Amount paid (x) (in Rs) | x1 = 139.20 | x2 |
No.of days (y) | y1 = 3 | y2 = 30 |
Since, it is a case of direct proportion.
\(\therefore\) \(\frac { { x }_{ 1 } }{ { y }_{ 1 } } =\frac { { x }_{ 2 } }{ { y }_{ 2 } } \Rightarrow \frac { 139.20 }{ 3 } =\frac { { x }_{ 2 } }{ 30 } \)

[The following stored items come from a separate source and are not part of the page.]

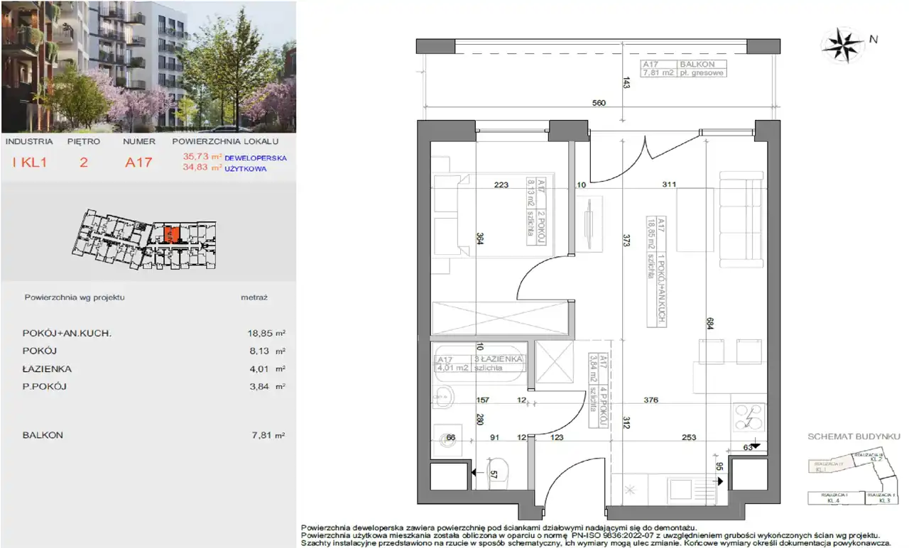 Mieszkanie o powierzchni 34,83 m2 składa się z:- salonu z aneksem kuchennym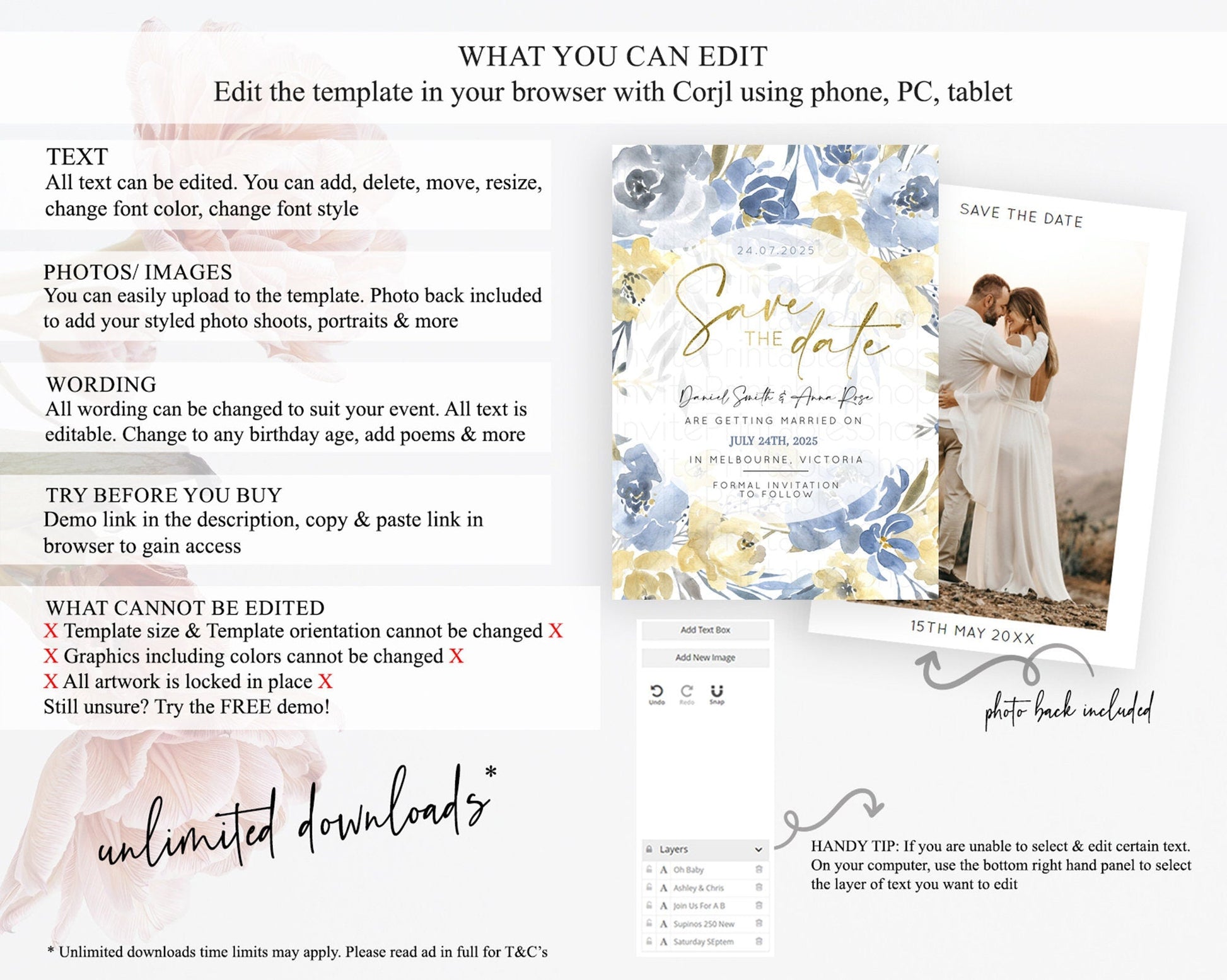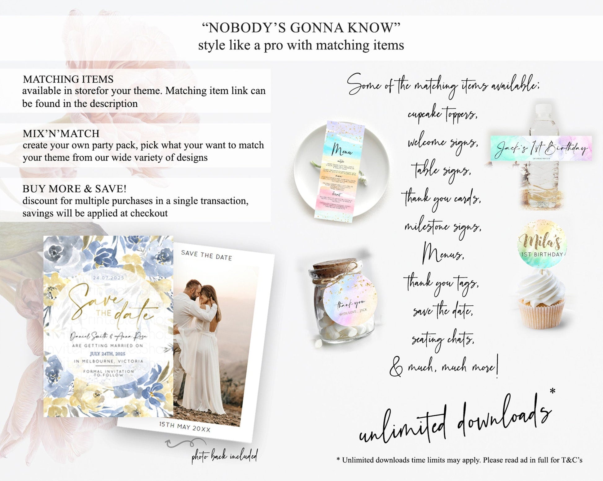 Wildflower Save The Date Template Secret Garden Save The Date Pastel Floral Garden Party Boho Flowers Birthday Baby Shower Wedding D10189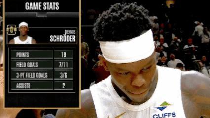 第二节球队一度被猛龙暴锤,带着 3 分劣势进入末节时,正是施罗德用关键连得 5 分稳住了局面,为骑士逆转打下了基础。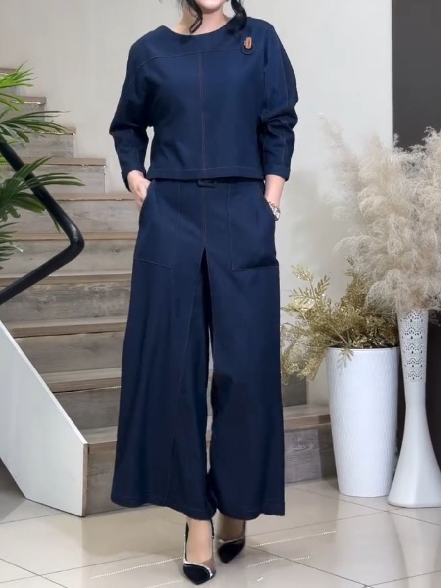 (⏰New Arrivals Promotion 40% OFF) Cotton Long-sleeve Top And Wide-leg Trousers Set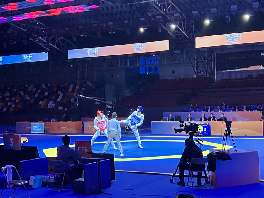 12月27日,惠州市體育運動學(xué)校培養(yǎng)輸送的運動員王要錫在2023年全國跆拳道冠軍總決賽中獲得男子80以上公斤級冠軍。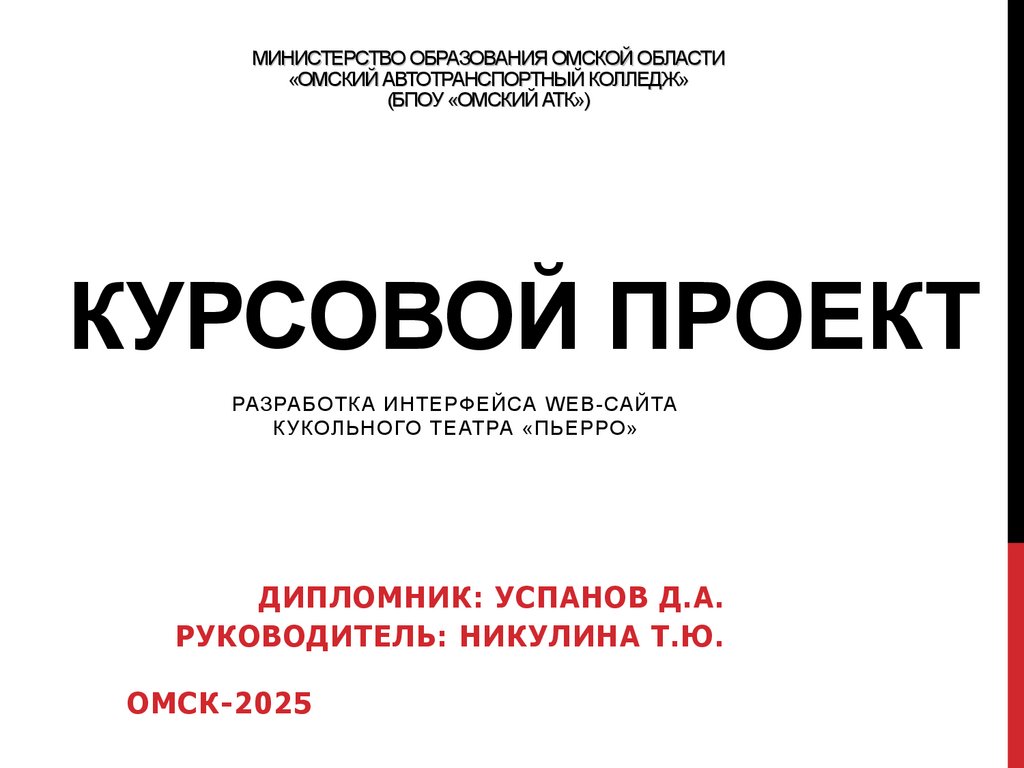 МИНИСТЕРСТВО ОБРАЗОВАНИЯ ОМСКОЙ ОБЛАСТИ«ОМСКИЙ АВТОТРАНСПОРТНЫЙ КОЛЛЕДЖ»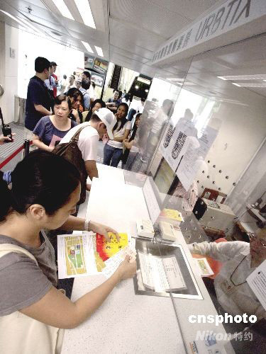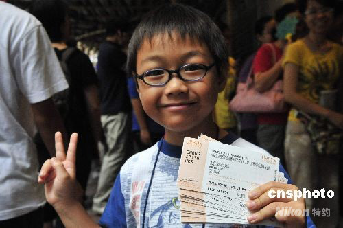 八月二十一日,中國奧運金牌精英訪港表演門票開始發(fā)售,香港市民通宵在售票點排隊購票。入場票在今早十時開始發(fā)售,圖為市民踴躍購買。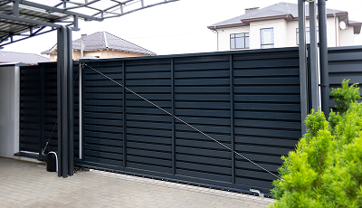 Откатные ворота выглядят современно, легко автоматизируются и не требуют особого ухода.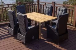 Die gemütlichen Diningsessel sind wahrlich Verwandlungskünstler. Hier können Sie gemütlich mit einem guten Buch in der Sonne liegen oder aber auch ganz bequem Ihr Mittag- oder Abendessen zu sich nehmen. Hierzu brauchen Sie einfach nur Platz zu nehmen und sich Ihren Lieblingssessel problemlos in eine bequeme Liege- oder Sitzposition einstellen. Dies gelingt kinderleicht dank der integrierten Gasdruckfeder – die Rückenlehne kann mit einem kleinen Hebel an der Seite stufenlos verstellt werden. Die Sessel haben ein Gesamtmaß von ca. 65 x 55 x 112 cm. Die Sitzfläche ist ca. 50 cm tief, die Sitzhöhe mit Kissen liegt bei ca. 45,5 cm. Die Armlehnen mit einer Höhe von ca. 66 cm sorgen bei diesen Sesseln für besonderen Komfort.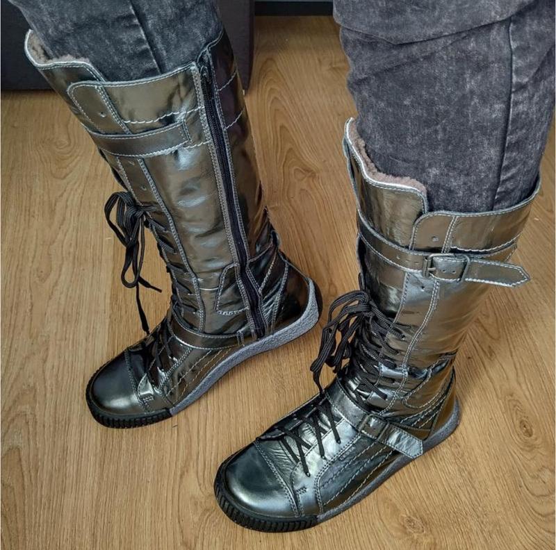 Чоботи черевики високі зимові утеплені хутро шкіряні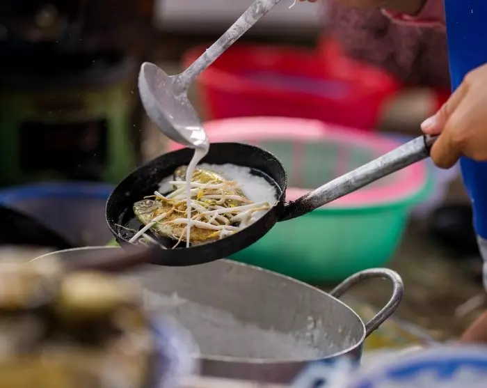 Tilbage i cyclo’en køres du ad små, snoede gader inden for citadellets mure til det næste spisested. Her oplever du, hvordan man laver ”banh khoai”, som er en lækker og sprødstegt pandekage lavet på rismel og gurkemeje, hvilket giver den en karakteristisk gul farve. Pandekagen fyldes typisk med svinekød, rejer, bønnespirer og nogle gange svampe. Top den gerne selv med friske urter for en eventyrlig smagsoplevelse. Prøv også specialiteten ”nem lui”, som er grillet svinekød på citrongræsspyd. Pak kødet ind i rispapir og top det med friske urter og grøntsager. Dyp det herefter i peanutsauce. Mums!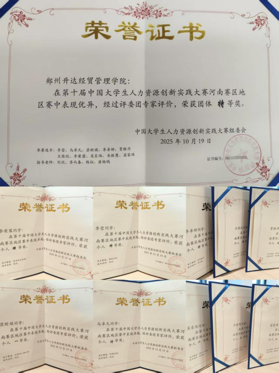 2025年10月18日至10月19日,第十届中国大学生人力资源创新实践大赛河南地区赛在河南科技学院成功举办,来自近20所高校的数百名选手展开同台竞技。必赢626net入口刘欣、齐丙春、蒋杨鸽、杨征四位老师指导的10名学子代表我校参加了地区赛,经过为期两天的激烈角逐,我校学子以河南省第一名的佳绩荣获团体特等奖,顺利进入全国总决赛。其中,劳动争议处理、实务设计、职场实战、案例分析赛道获特等奖,无领导小组讨论赛道获一等奖,HR+AI实操赛道获二等奖。

\(\Rightarrow\) \({ x }_{ 2 }=\frac { 139.20\times 30 }{ 3 } \Rightarrow { x }_{ 2 }=1392\)
Thus, Rs 1392 will be paid in the month of June.
(ii) Let Y2 be the number of days he will work for Rs 696.
Amount paid (x) (in Rs) | x1 = 139.20 | x2 = 696 |
No.of days (y) | y1 = 3 | y2 |
It is a case of direct proportion.
\(\therefore\) \(\frac { 139.20 }{ 3 } =\frac { 696 }{ { y }_{ 2 } } \Rightarrow { y }_{ 2 }=\frac { 696\times 3\times 10 }{ 1392 } \Rightarrow { y }_{ 2 }=15\)
Thus, he will work 15 days for Rs 696.
Which of the following tables shows the inverse proportion?
(i)
x | 6 | 12 | 30 | 48 |
y | 250 | 125 | 50 | 31.25 |
(ii)
x | 115 | 130 | 145 | 160 |
y | 615 | 600 | 585 | 570 |
(iii)
x | 50 | 100 | 300 | 120 |
y | 300 | 150 | 100 | 75 |
- (a)
Only (i)
- (b)
Both (i) and (ii)
- (c)
Both (ii) and (iii)
- (d)
None of these
(i) For inverse proportion, xy = constant
Now, 6 x 250 = 1500,
12 x 125 = 1500, 30 x 50 = 1500
And 48 x 31.25 = 1500
\(\therefore\) The data is in inverse proportion
(ii) 115x615=70725,
130 x 600 = 78000
\(\therefore\) The data is not in inverse proportion
(iii) 50 x 300 = 15000,
100 x 150 = 15000,
and 300 x 100 = 30000
\(\therefore\) The data is not in inverse proportion.